MOSS-TTSD and MOSS-Speech
MOSS-TTSD handles the output side (text-to-speech synthesis) while MOSS-Speech handles the input side (speech-to-speech processing), making them complementary components of an end-to-end voice conversation pipeline.
About MOSS-TTSD
OpenMOSS/MOSS-TTSD
MOSS-TTSD is a spoken dialogue generation model designed for expressive multi-speaker synthesis. It features long-context modeling, flexible speaker control, and multilingual support, while enabling zero-shot voice cloning from short audio references.

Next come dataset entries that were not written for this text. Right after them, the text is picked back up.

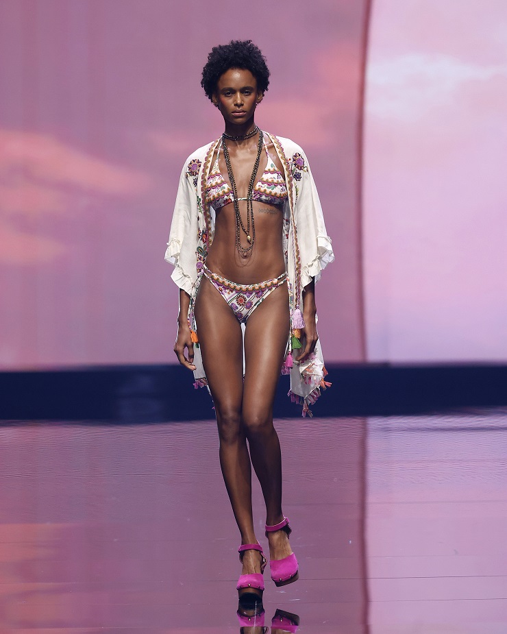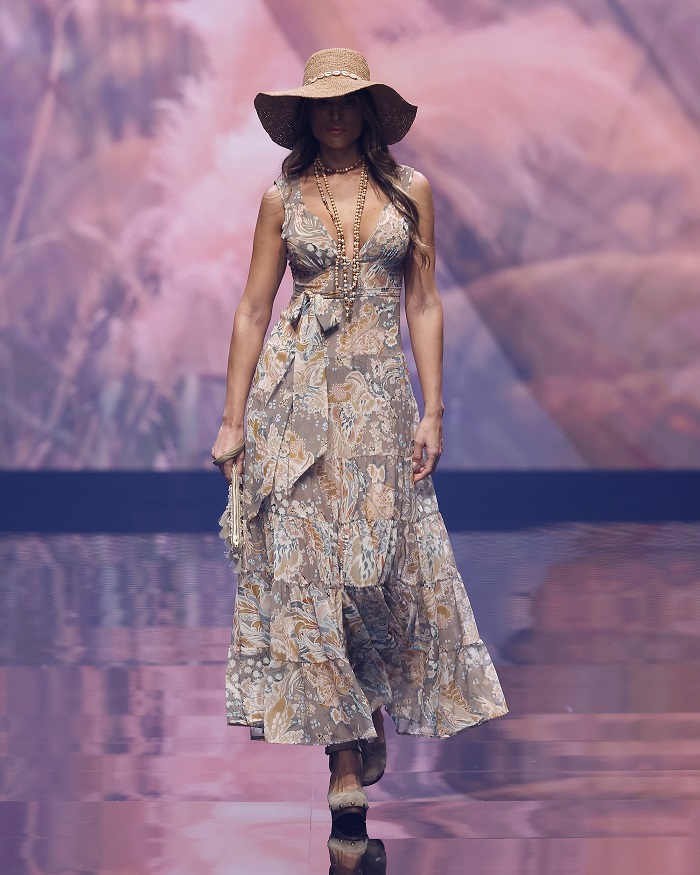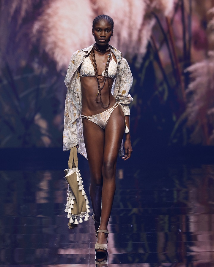 Ogni dettaglio contribuisce a costruire un’estetica sofisticata e consapevole, dove la bellezza si fa linguaggio e la libertà stile di vita. Abiti impalpabili si alternano a costumi ricchi di dettagli preziosi in un sogno che rievoca la Saint-Tropez degli anni Settanta; colori chiari e stampe luminose accendono la stagione, mentre le texture – Sangallo, georgette, paillettes, motivi folk e foliage esotici – raccontano un lusso autentico e sensoriale. Crochet, macramé e dettagli gioiello esprimono l’heritage artigianale di una beach couture versatile e sartoriale pensata per valorizzare ogni fisicità.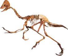 Oviraptorosaurs ("egg thief lizards") are a group of feathered maniraptoran dinosaurs from the Cretaceous Period of what are now Asia and North America. They are distinct for their characteristically short, beaked, parrot-like skulls, with or without bony crests atop the head. They ranged in size from Caudipteryx, which was the size of a turkey, to the 8-meter-long, 1.4-ton Gigantoraptor.[4] The group (along with all maniraptoran dinosaurs) is close to the ancestry of birds. Some researchers such as Maryanska et al (2002) and Osmólska et al. (2004) have proposed that they may represent primitive flightless birds.[5][6] The most complete oviraptorosaur specimens have been found in Asia.[7] The North American oviraptorosaur record is sparse.[7]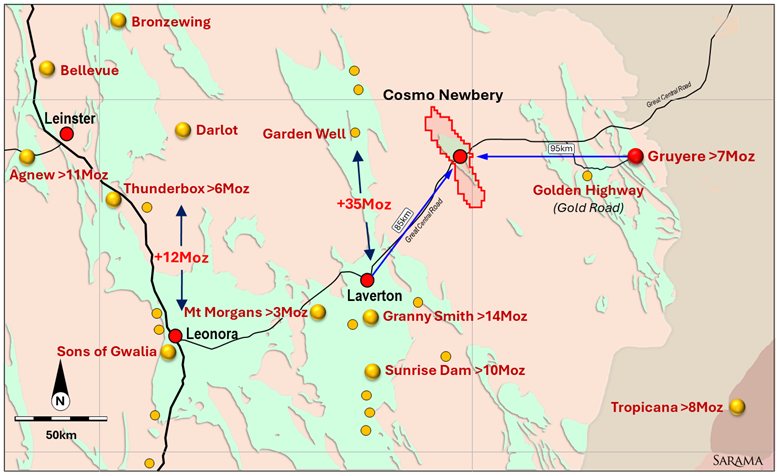 , June 17, 2024 (Newswire.com) - Sarama Resources Ltd. ("Sarama" or the "Company") (ASX:SRR)(TSX-V:SWA) is pleased to announce that it has signed a non-binding Memorandum of Understanding ("MOU") with Cosmo Gold Limited ("Cosmo") and Adelong Gold Limited ("Adelong") on 21 May 2024, to acquire rights to the Cosmo Newbery Project (the "Project"), located in Eastern Goldfields of Western Australia, which have historically been highly prospective.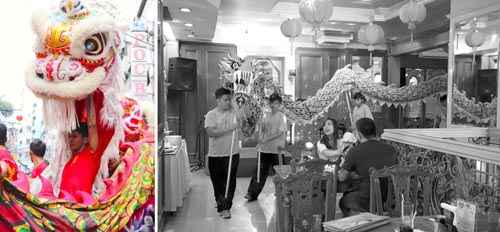 (左)中国から寄贈された龍を高々と掲げる男性=5日午後2時ごろ、首都圏マニラ市で岡田薫撮影/(右)食事客も竜舞による祝福を受ける=5日早朝、ネットワールドホテル・スパ・アンド・カジノ提供

This project helps content creators transform dialogue scripts into dynamic, expressive spoken conversations with multiple distinct speakers. You provide a script and short audio references for each speaker, and it generates natural-sounding, long-form spoken dialogue up to 60 minutes. It's ideal for producers of podcasts, audiobooks, commentary, and dubbed content.
About MOSS-Speech
OpenMOSS/MOSS-Speech
MOSS-Speech is a true speech-to-speech large language model without text guidance.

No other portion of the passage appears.